If these ideas are interesting to you, here’s some more food for thought for you to chew on:
The Relaxed Home School
Homeschooling with Gentleness
How Children Fail
How Children Learn
Learning All The Time
For the Children's Sake: Foundations of Education for Home and School

"What we want to see is the child in pursuit of knowledge, and not knowledge in pursuit of the child."
-George Bernard Shaw

So what DID we do today? Our usual Monday fare in the morning- Monday is our big ‘academic’ day. Ahem. But in the afternoon it was HOOT! At the Great Plains Nature Center. I almost forgot that we were going back out there today, but I’m glad we did. If you live near Wichita, it is ALWAYS worth attending. Every first Monday of the month, September through May, at 2 pm.


Afterwards, the children begged for a nature walk. And as I overheard the naturalist mention that there were blue herons on the grounds, even though I wanted to get home to make dinner, we hit the trails. And I’m glad we did. Because I’ve NEVER seen a mommy turtle kiss her baby before:
Or a blue heron in flight:
Or “our” burr oak look so lovely under a stormy sky:
Or the prairie grasses seem so magical:
Or enjoy my children’s antics more (yes, they’re all from the same gene pool):
And hearing Isaiah say, “God sure did make a good choice when he invented turtles!” and watching Rosie touch everything, and watching a teething toddler forget his mouth for a few hours, basking in the spring.

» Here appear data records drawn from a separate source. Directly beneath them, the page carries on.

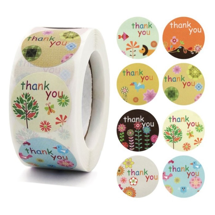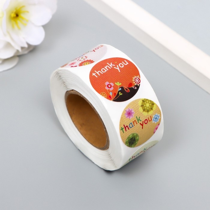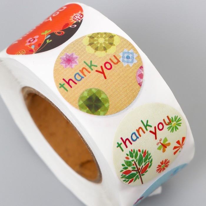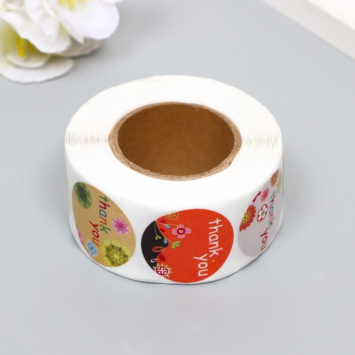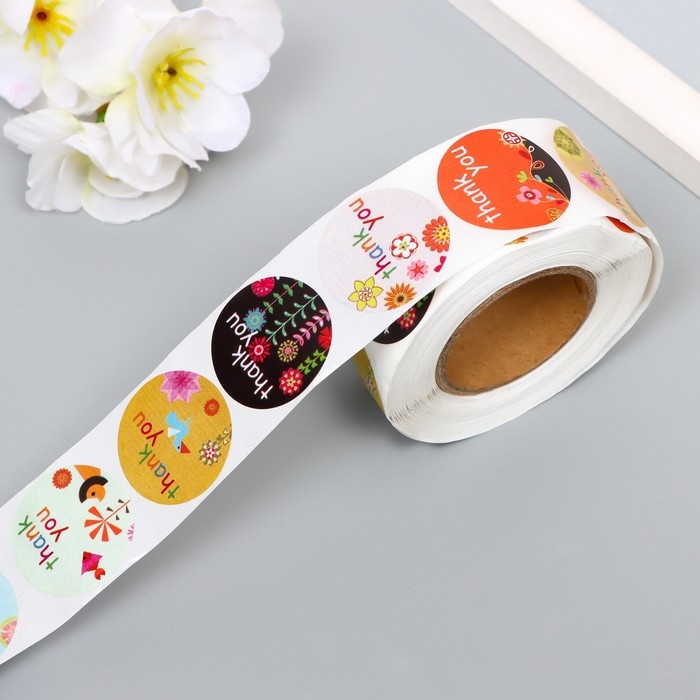 Наклейка бумага "Спасибо" d=2,5 см 500 шт в рулоне 3х6х6 см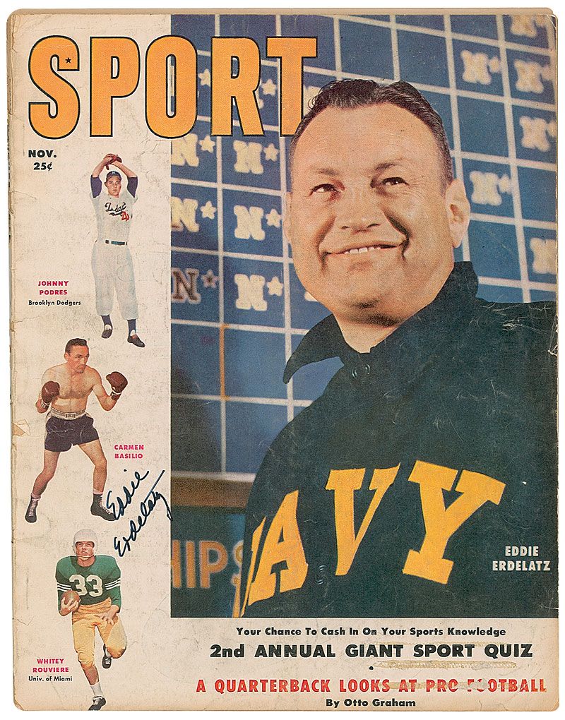 Football player and coach (1913–1966) who served as head coach at Navy for nine years. He was also the first coach in Oakland Raiders’ history. Vintage Sport magazine, dated November 1955, 8.5 x 10.75, 96 pages, featuring a large color image of Erdelatz, signed on the front cover in black felt tip. In very good condition, with scattered creases and a couple tears to the left side of the front cover, and the back cover separated but present.
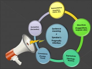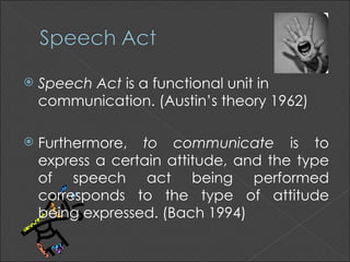 This document discusses speech acts, which are functional units of communication. It defines locutionary, illocutionary, and perlocutionary aspects of speech acts. It also discusses research methods used to study speech acts, including role plays, discourse completion tasks, and interviews. Finally, it notes the importance of teaching speech acts to language learners and recommends techniques like modeling dialogues, role plays, and feedback.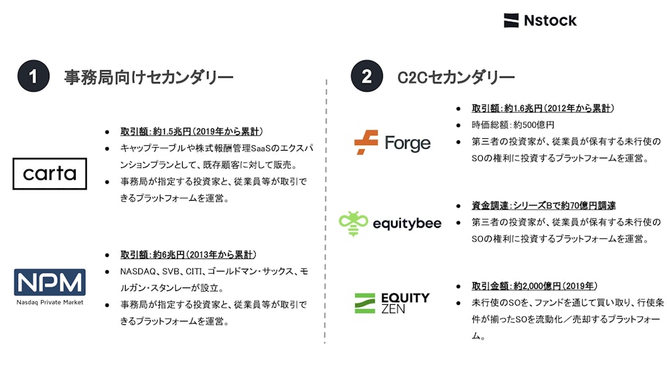 2013年のFacebookの事例以降、上場前にセカンダリーのプロダクトを使って取引を行った会社は複数あります。ただし、セカンダリー自体は「未上場だけど誰がみても絶対に成功するだろう数社」に限定されていました。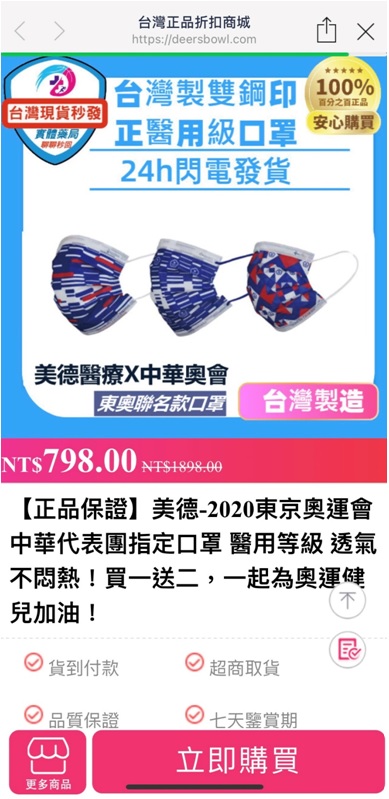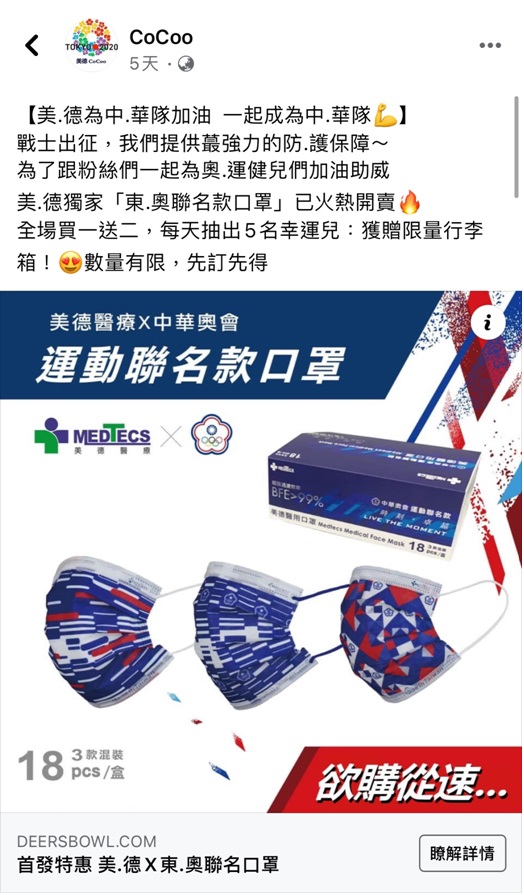 臺北市政府法務局今(21)日發布消費警訊指出,東京奧運議題正熱,惟網路出現「一頁式網頁」販售中華奧會運動聯名款醫用口罩,經北市府消保官向美德醫療公司查證,證實網頁係盜用官方臉書專頁圖文,消保官已通報法務部調查局,提醒民眾多加留意。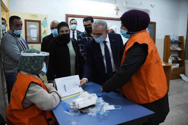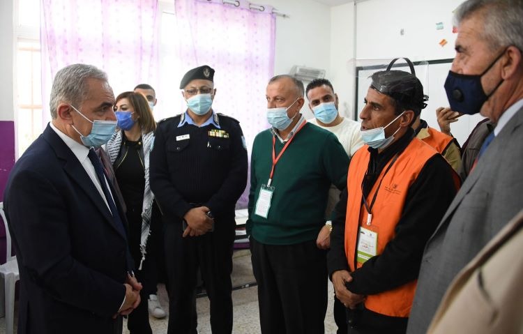 ورافق رئيس الوزراء، رئيس لجنة الانتخابات المركزية حنا ناصر، ومحافظ رام الله والبيرة ليلى غنام، ووزير الحكم المحلي مجدي الصالح، ومدير شرطة المحافظة العميد علاء شلبي.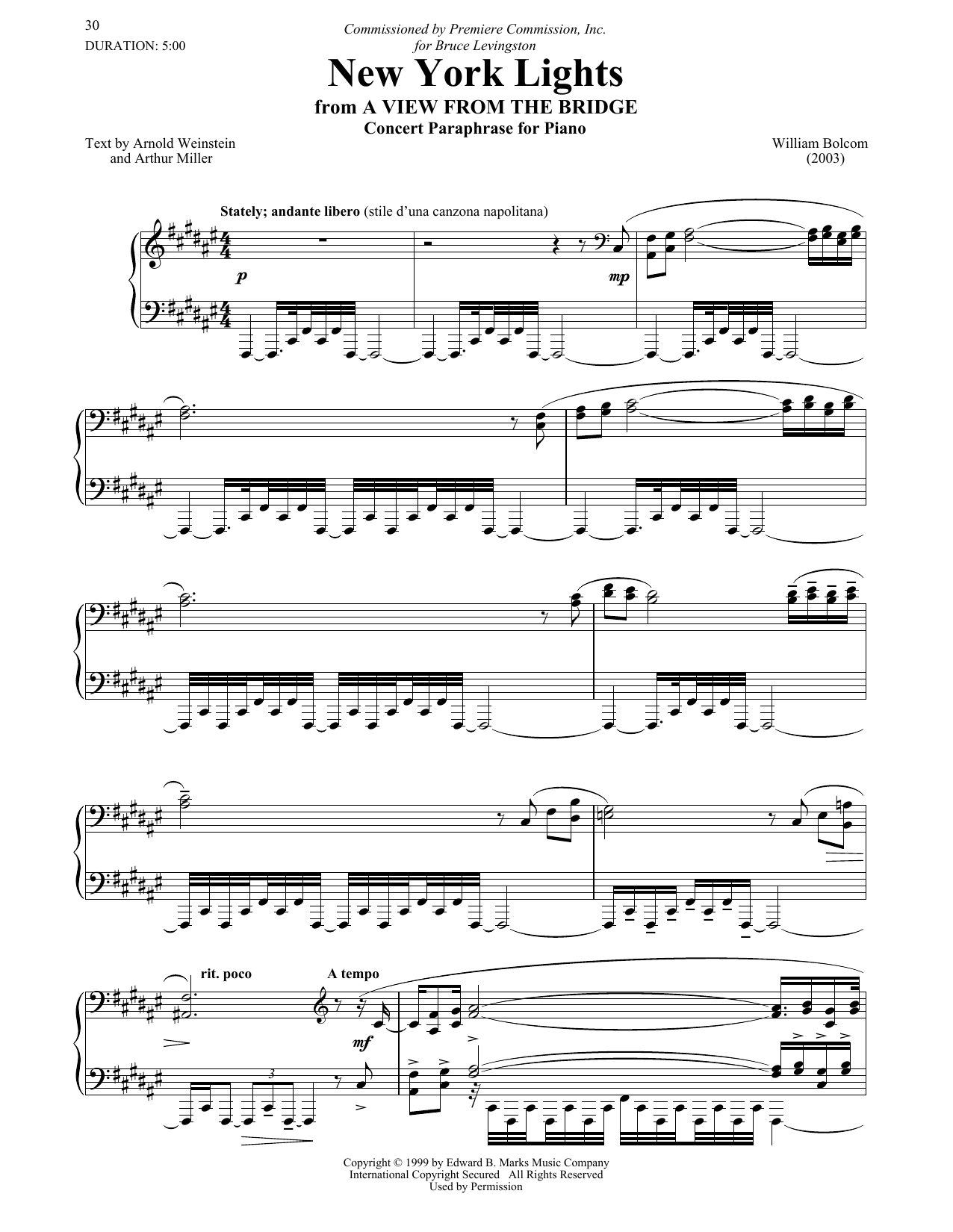 Download or print William Bolcom The New York Lights sheet music, chords and digital score arranged for Piano Solo. This Classical score includes 5 page(s).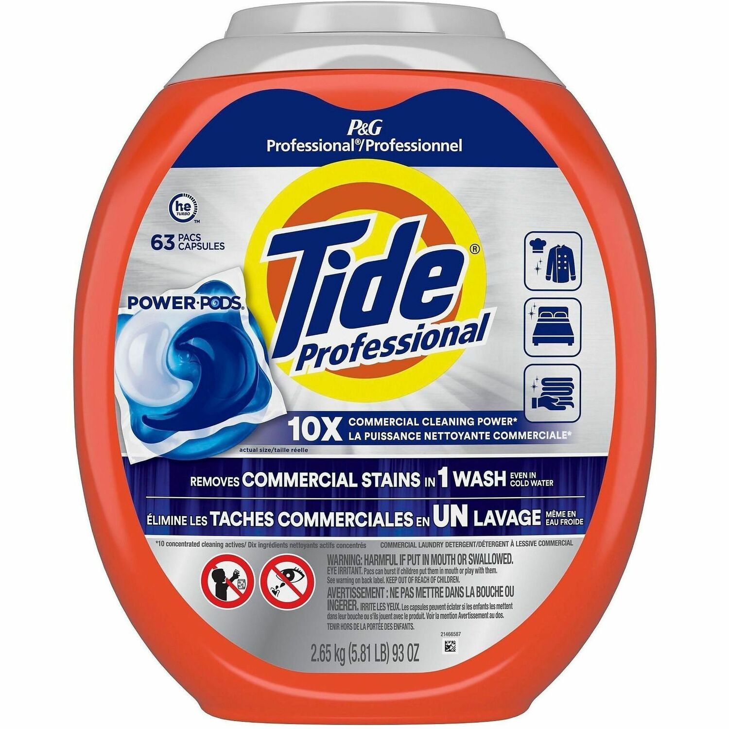 Tide Professional PODS Detergent is effective on tough stains businesses encounter every day, removing them in a single wash. Laundry detergent works across different types of businesses, including foodservice, hospitality, healthcare and more, in commercial and residential machines. 10 concentrated cleaning actives deliver a deep, commercial clean even in cold water. Formula is free of alkylphenols, alkylphenol ethoxylates, benzene, BPA, PVC, PAHs, PCBs, phthalates, triclosan and more.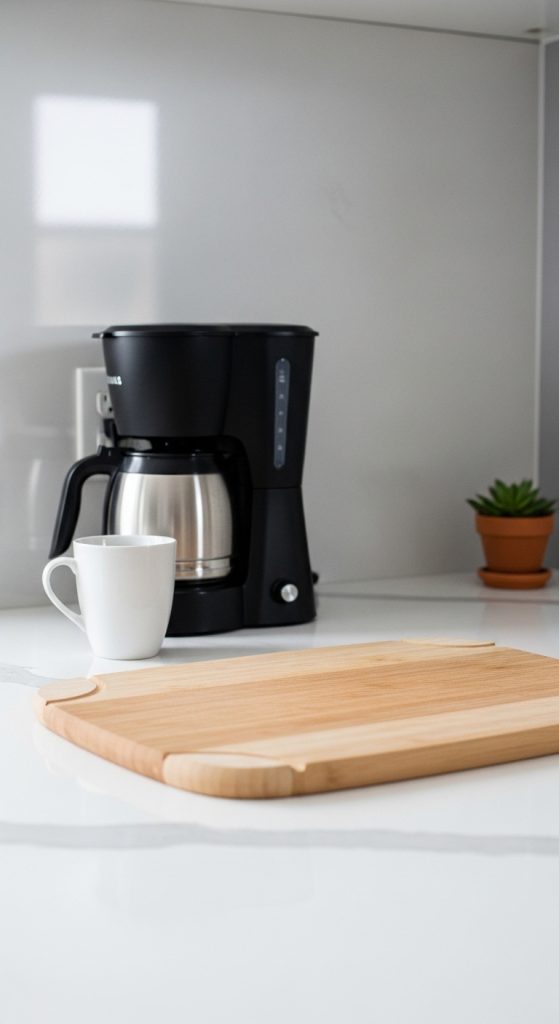 Keep countertops clear of unnecessary items. Only leave functional essentials like a coffee maker or cutting board visible. This not only enhances the minimalist vibe but also provides more space for meal preparation and creative cooking.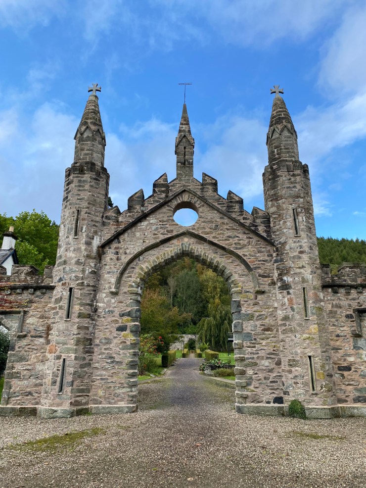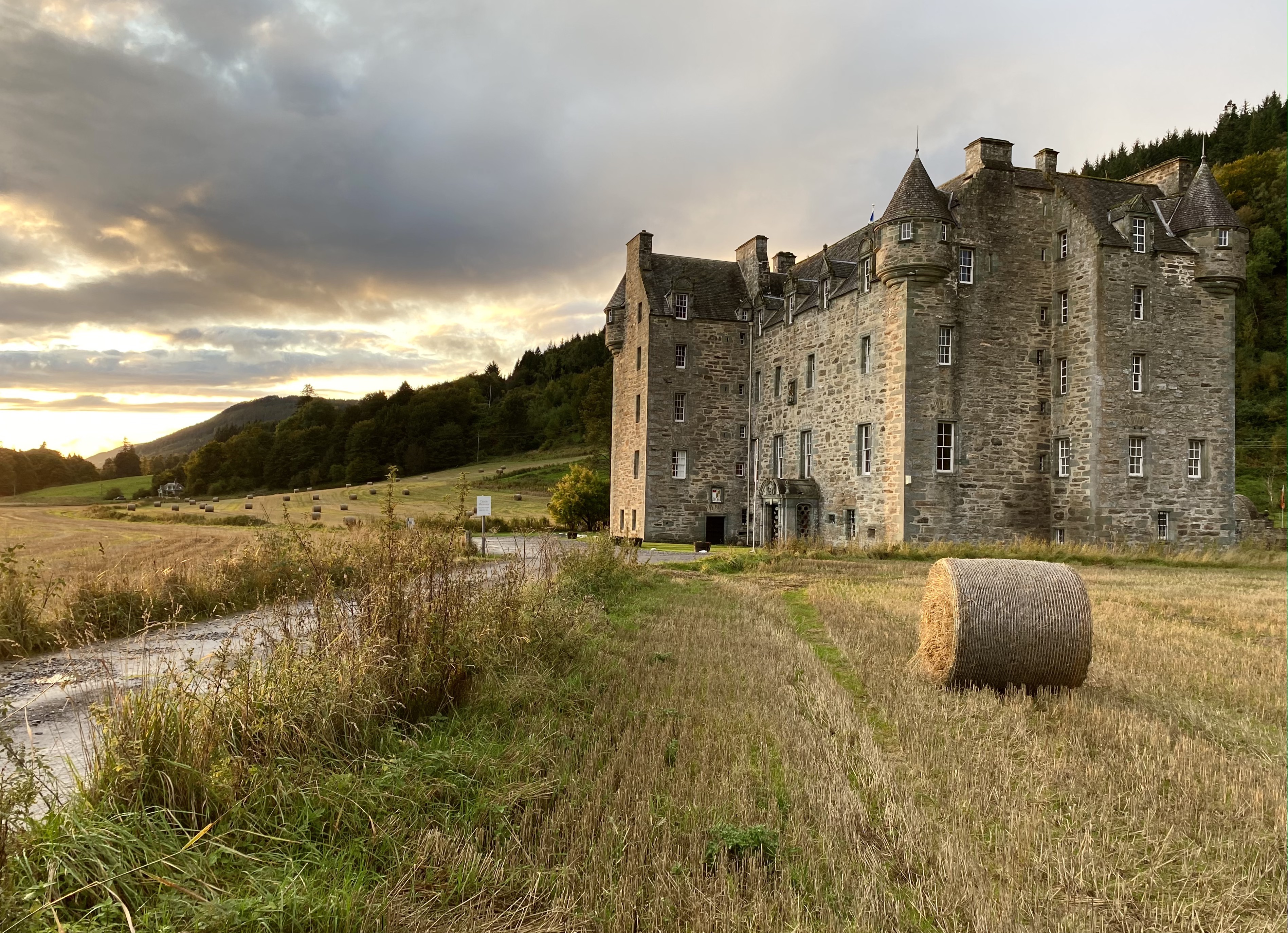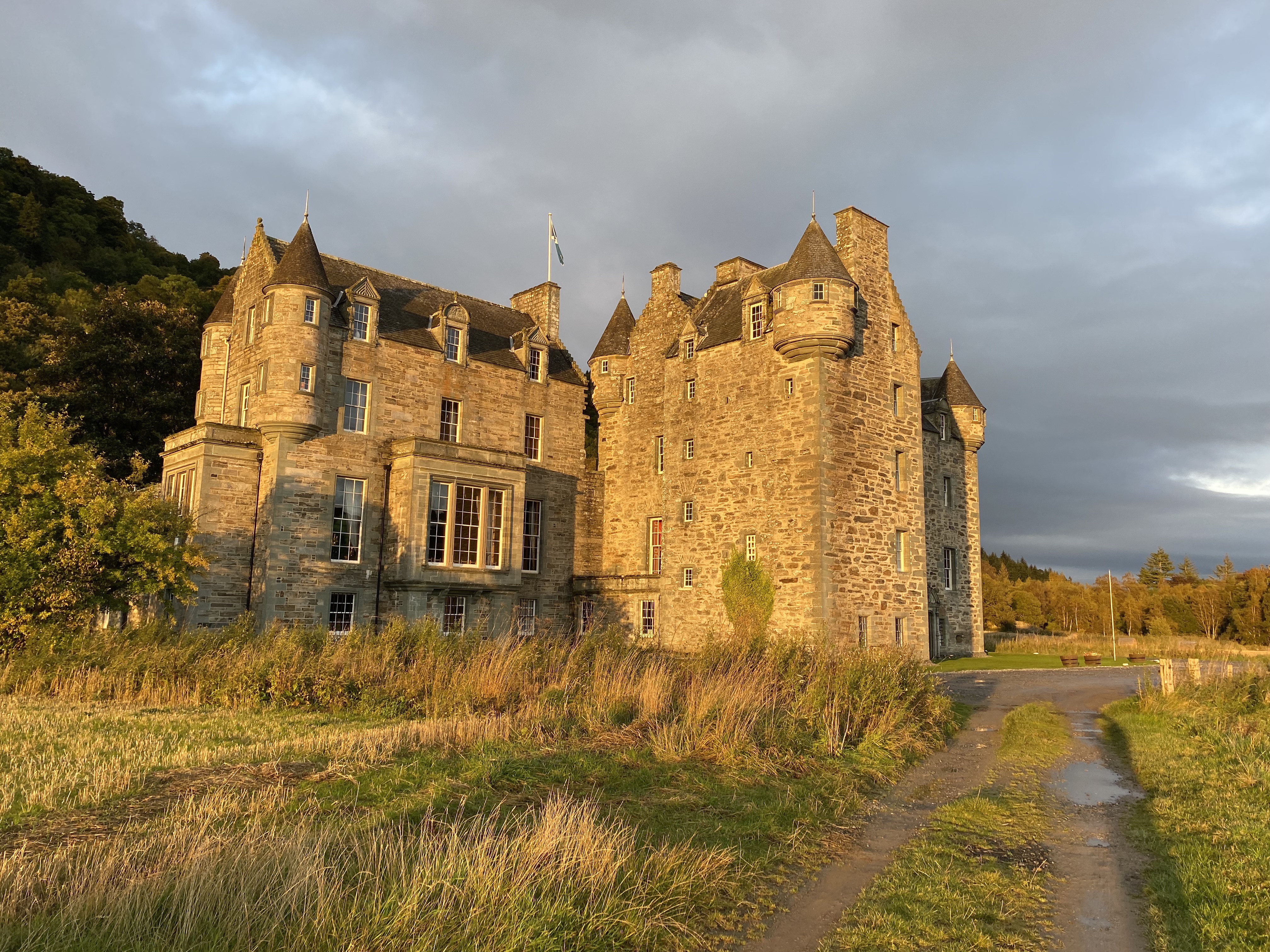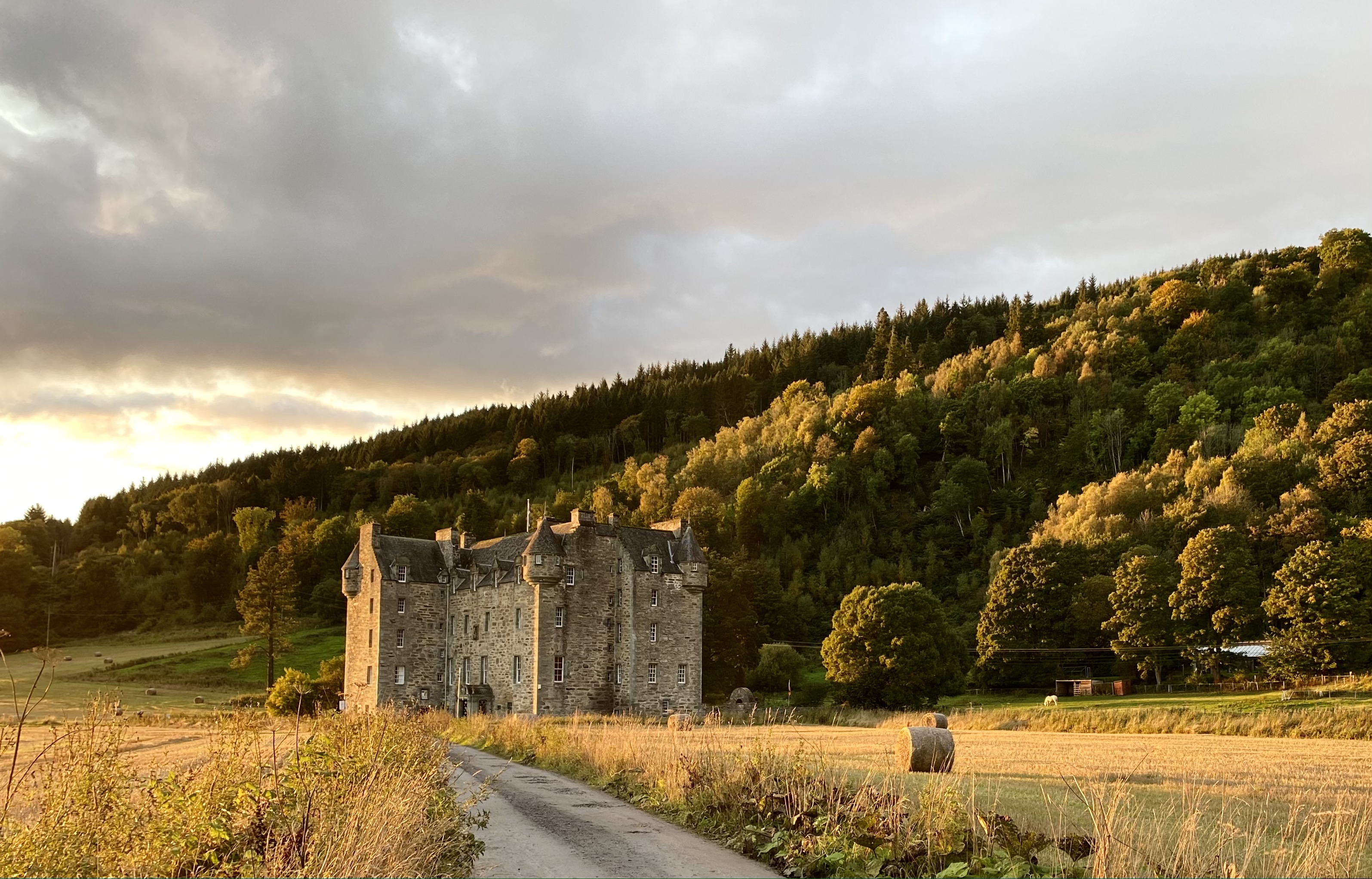 We were keen for a bite of food but the pubs/restaurants were packed (2 week school holiday).  We bought some essentials from the food co-op and headed back to Kenmore via an alternative route.  We passed a small hotel restaurant just prior to the village of Weem with outdoor seating.  After very little discussion we decided we’d go back to see if they would feed us.  Sally knew of a good place to turn around, Castle Menzies.  We drove up to the castle and decided to roam around a bit before going for a bite to eat.  The light from the sun (yes, sun!) was so lovely!

Before we headed out, I made my Basic Green Smoothie for a monster quantity of energy. Very easy, with endless variations.
You put 2-4 loosely packed cups of spinach in the blender. Add ½ a peeled, diced lemon, 2 chopped bananas, ½ t vanilla, your milk of choice in whatever amount you like (I prefer a really thick smoothie), and a bit of sweetener if you must.
Blend.
Enjoy.
More buzz than a whole pot of coffee!

"One cannot think well,
love well,
sleep well,
if one has not dined well."
-Virginia Woolf

1 comment:

  1. My dear friend, I keep thinking that one day I will feel guilty for constantly benefiting from your knowledge without returning any. But I still don't! Thank you so much for sharing the smoothie and almond milk recipes. Your writing is lovely and so full off goodness - like you are in real life!